Apr 22, 2014 03:00 am | Jacqueline Newmyer Deal
Robert D. Kaplan, Asia’s Cauldron: The South China Sea and the End of a Stable Pacific (New York: Random House, 2014), 256 pp., $26.00.
FEARS OF CHINA’S RISE ARE GROWING. Only a decade ago, most experts insisted that the Chinese Communist Party’s overseas ambitions were limited to Taiwan. Now that Beijing has begun to adopt a more assertive posture abroad, the conventional wisdom has changed from dismissing the China threat to accepting it fatalistically. But must Washington and its Asian allies defer to Chinese expansionism? Can we really have jumped from one world to another so quickly?

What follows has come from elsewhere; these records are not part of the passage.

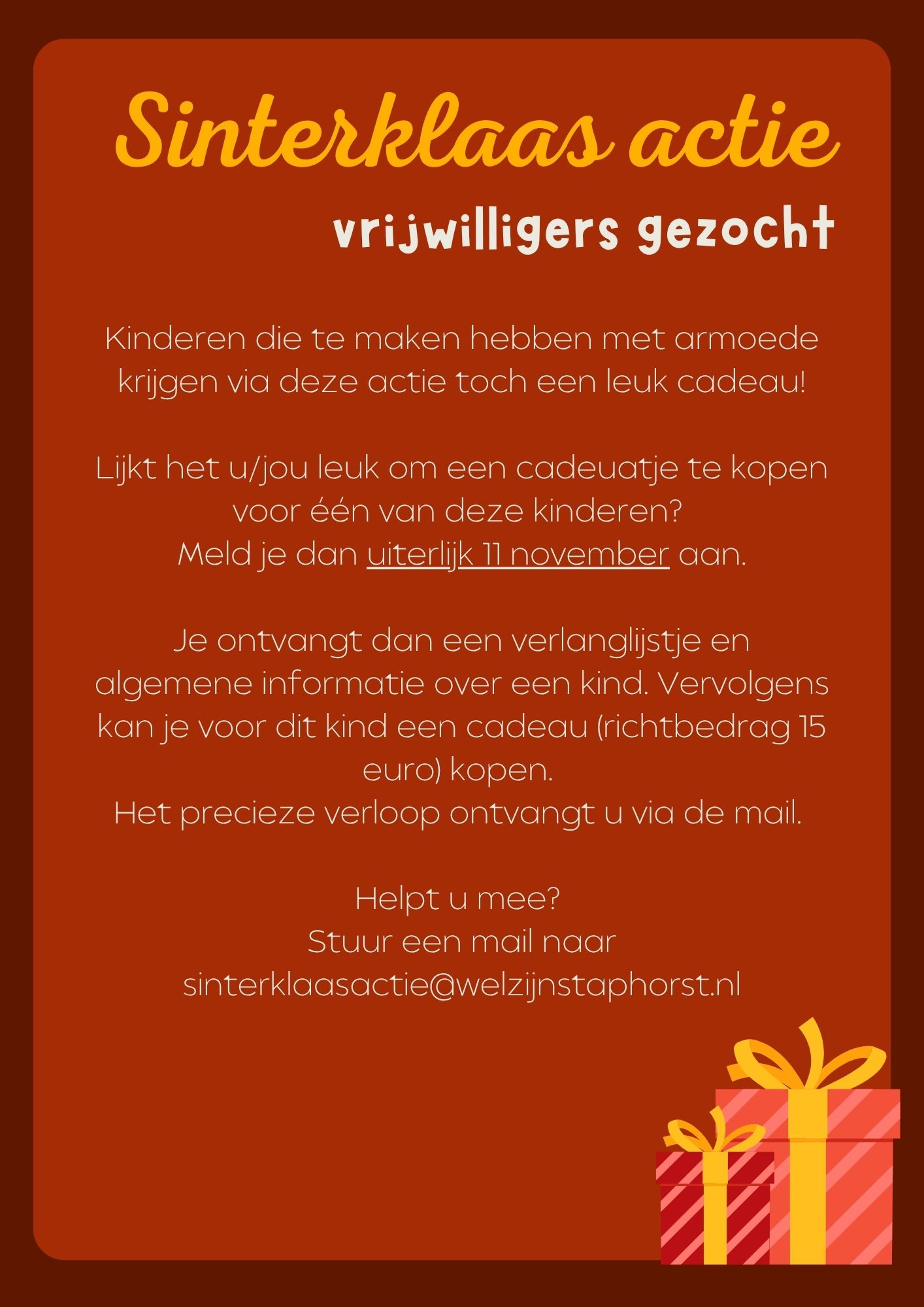 De actie is bedoeld voor kinderen geboren tussen 2013 en 2025. Ouders en/of verzorgers met een laag inkomen of die financieel moeilijk rondkomen kunnen hun kind(eren) aanmelden. Dit kan eenvoudig door een mail te sturen naar sinterklaasactie@welzijnstaphorst.nl.
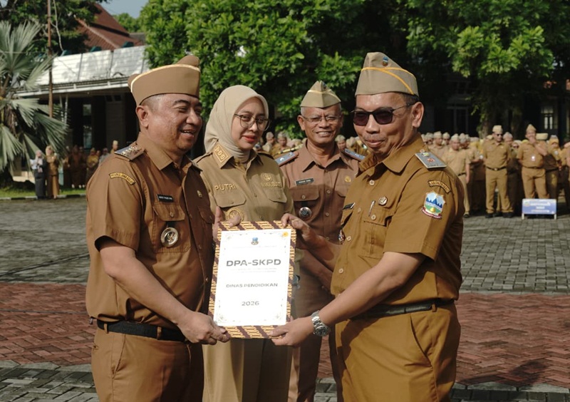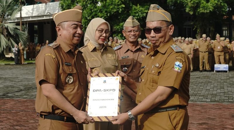 Grahabignewscom.Garut – Bupati Garut, Abdusy Syakur Amin, memimpin Apel Gabungan yang dirangkaikan dengan Penyerahan Surat Keputusan Bupati Garut tentang Pemberhentian PNS yang memasuki Batas Usia Pensiun Bulan Januari 2026, penyerahan penghargaan, serta penyerahan simbolis Dokumen Pelaksanaan Anggaran (DPA) Tahun 2026. Kegiatan tersebut berlangsung di Lapangan Sekretariat Daerah (Setda) Kabupaten Garut, Senin pagi (5/1/2025).
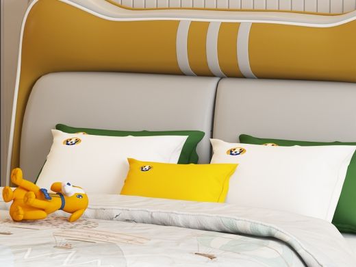 丁拉儿童软床 极简 生态硅胶皮+高回弹海绵+专利法国金不锈钢配件+进口实木+夹板+加宽10分钢木排骨架 黄色 1.5米皮床¥5501
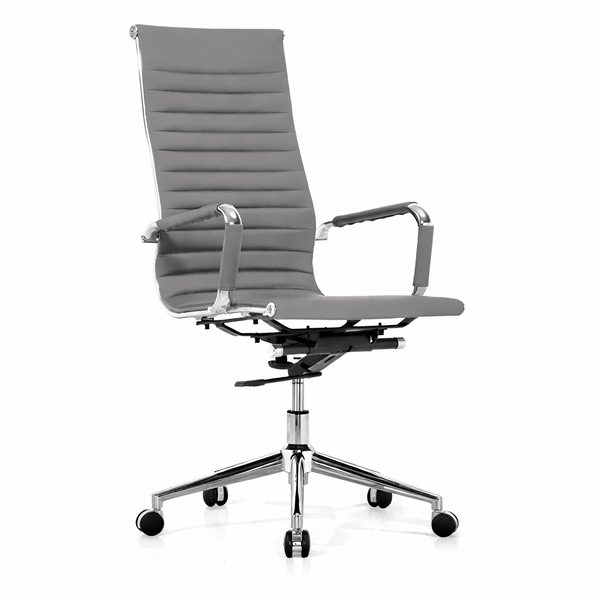 THOMAS καρέκλα γραφείου σε γκρίζα δερματίνη και αλουμίνια βάση
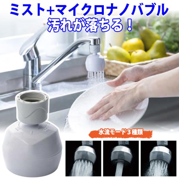節水 蛇口につける キッチン シャワー 手に優しいミストのマイクロナノバブル 3モード切替 首振り バブリーキッチンミスト SV24W ホワイト 節水 蛇口 送料無料

Not a chance. Two new books provide a corrective to the lately fashionable gloom-and-doom analysis. Each is by a crack journalist. The first, Geoff Dyer’s The Contest of the Century, addresses the U.S.-Chinese relationship through the prism of China’s military, political, diplomatic and economic development. The second, Robert Kaplan’s Asia’s Cauldron, focuses on the competition between China and the states around the South China Sea—the central route for shipping between the Middle East and East Asia, and the site of disputed claims to resource-rich maritime territory.